- Genre: Reality
- Country of origin: Canada
- Original language: English
- No. of seasons: 1
- No. of episodes: 10

Production
- Executive producer: Claire Freeland
- Producer: Graeme Lynch
- Cinematography: Shane Geddes Zachary Williams
- Running time: 42 minutes
- Production company: Good Human Productions

Original release
- Network: ABC Spark
- Release: August 22 – September 7, 2016

= Cheer Squad =

Canadian reality television series

Cheer Squad is a Canadian reality television series that debuted on ABC Spark on July 6, 2016, and in the US on Freeform on August 22, 2016. It follows the Canadian cheer team the Great White Sharks as they work together on the road to world championships. As of 2018 there is only one season, and there will not be a second season.

==Cast==
- Ashleigh Dodunski (25)
- Jenna Dodunski (25)
- Jordan Knox (Knoxy) (26)
- Daniela Uhlenbruck (Dani) (22)
- Laura Ashley (L.A.) (24)
- Sarah Schlotzhauer (Schlotzy)(19)
- Brittany Silveira (B-Silv) (19)
- Alicia Jantzi (Yahtzee) (21)
- Leah Smith (Smitty) (17)
- Erin Kotlar (Moe) (23)
- Emily Vesterfelt (Vesty) (16)
- Bethany Lewis (Beth) (26)
- Rebecca Webster (Becca) (26)
- Chelsea Matteson (15)
- Christina Zara (Zara) (16)
- Lindsay MacKenzie (Mack) (19)
- Lora Jordan (asst Coach)
- Mariah Vittoria Pimpao (Bella) (14)
- Jennifer Power (Power)(24)
- Lindsay Everson (Nubs) (16)
- Ashley Blayney-Hoffer (B.H.) (17)
- Kiana Horchover (Horch) (19)
- Haley Debruyne (Bruney) (18)
- Ali Moffatt (Coach)
- Anna (17)
- Ashley (Preddy) (20)

== Episodes ==

| No. | Title | Original release date | Prod. code |
| 1 | "Building a New Dream Team" | July 6, 2016 | 101 |
Hot off the heels of the World Cheerleading Championships, The Great White Sharks must build a new dream team.
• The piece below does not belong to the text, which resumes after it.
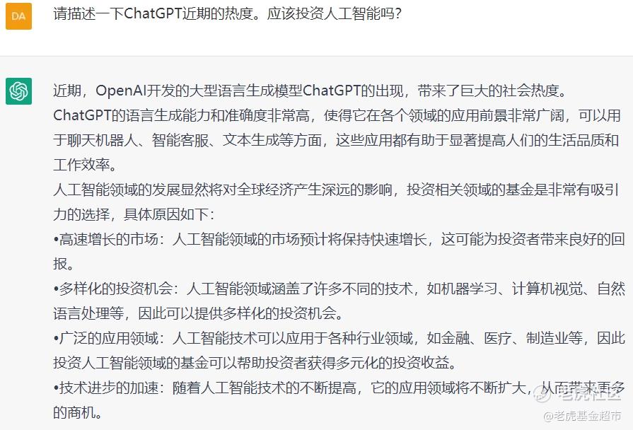 近期ChatGPT火爆出圈,带动人工智能板块快速走红。小虎从诞生起就贴上了“科技”的标签,当然也会对这一风靡全球的科技浪潮充满好奇。于是小虎去请教了ChatGPT“应该投资人工智能吗?” 和“ChatGPT相关基金是否有长期投资价值?”这两个问题,想了解当下最热门的人工智能机器人能给出怎样的建议。以下是ChatGPT给出的回答: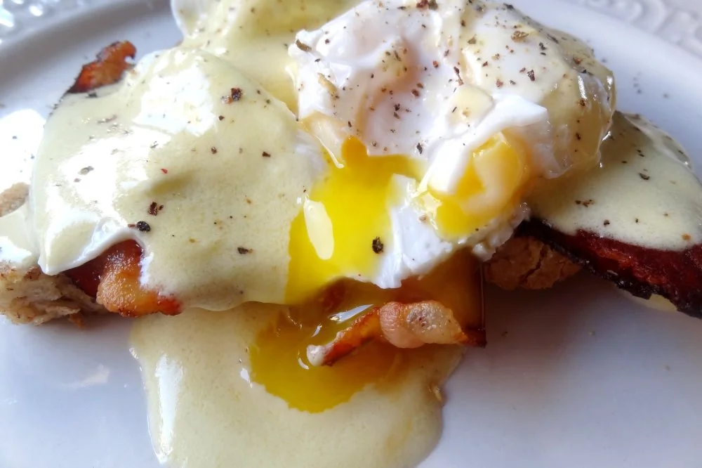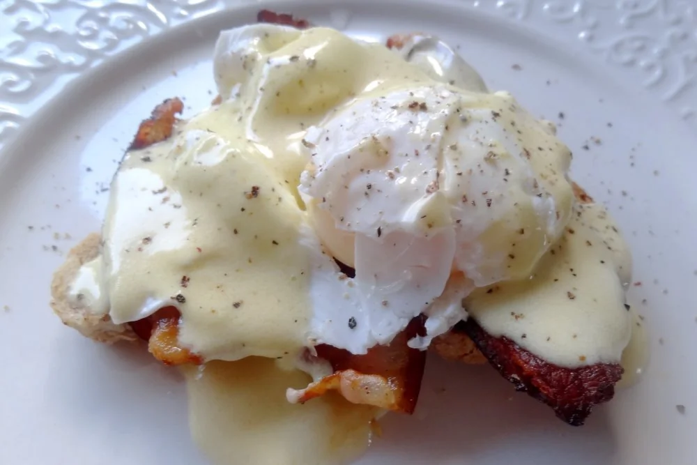 ШАГ 4 На тост положить ломтики бекона, сверху — яйцо пашот и все это залить голландским соусом, поперчить.

Seasoned veterans and fresh faces face off in open tryouts as they attempt to earn a coveted spot. Ashleigh gets a driving lesson from her sister Jenna and roommate Knoxy.
| 2 | "Standing Out and Fitting In" | July 13, 2016 | 102 |
With a new team roster, the Sharks head to the super elite Hot Shots skills camp in Miami. But the newly minted team is struggling to perform. Can they pull it together and prove they are worthy of the invite?
| 3 | "Summer Heat" | July 20, 2016 | 103 |
It's the middle of the summer and the heat is on The Great White Sharks. By the end of the week one athlete will be removed from roster and placed on the alternates list. Coach Ali announces she will make her decision after the team performs together for the first time in front of thousands of people at a professional football game. Off the mat, Twins Ashleigh and Jenna reluctantly agree to a blind date.
| 4 | "Showcase Showdown" | July 27, 2016 | 104 |
The Great White Sharks are about to reveal their routine to the world. Fans everywhere expect jaw-dropping stunts and perfectly executed moves as the team prepares to take the stage at Chomp Down – their first major event of the season. In attendance is Cheer's biggest social media mogul who will put out the routine moments after they finish. Will it be an achievement…or an embarrassment for Ali and her athletes? Amidst the stress Becca attempts a dramatic surprise for her boyfriend Brody. And Bruney experiences growing pains as she leaves home for university.
| 5 | "Stage Fright" | August 3, 2016 | 105 |
The Sharks are about to compete in their first official competition of the season – Cheer For The Cure. With two undefeated seasons behind them they are the run away favorites. That is, until Ali's feud with her veterans hits a fever pitch and a shocking injury threatens to derail the team's performance. Off the mat, Nubs and Jenna look for romance at a local hockey game.
| 6 | "Desperate Measures" | August 10, 2016 | 106 |
The Sharks return from a break and fight to prepare for their next big showcase – Love 2 Cheer. But, the departure of a key flyer means Coach Ali must make a plea to a former star to return to the team. And with their key position under threat, the Veterans take desperate measures to get their groove back. Off the mat, the bickering Twins agree to help Nubs prepare for her prom with mixed results.
| 7 | "Texas Stars" | August 17, 2016 | 107 |
It's time for NCA in Dallas - arguably the single biggest cheer competition in the world. The Sharks are returning champions, but before they take the stage Ali must decide if her former star flyer is ready to perform. Off the mat the Twins challenge their ultra competitive roommate Knoxy to a dance off and Dani gets the surprise of her life when some unexpected visitors show up.
| 8 | "Rock Bottom" | August 24, 2016 | 108 |
Tattoos, a donkey sanctuary and a radical new approach to coaching are all part of the last ditch effort by the Sharks to bounce back before their next big competition.
| 9 | "Romance and Retribution" | August 31, 2016 | 109 |
The Sharks face an old rival at Nationals while Nubs finds new love on a blind date. When LA surprises her boyfriend Josh with an extravagant gift the gesture backfires.
| 10 | "Three-peat?" | September 7, 2016 | 110 |
The Sharks are in Orlando chasing a third World Title. But, first Knoxy must face the music with her Mom while the Twins complete an Orlando bucket list. And then it all comes down to one final performance.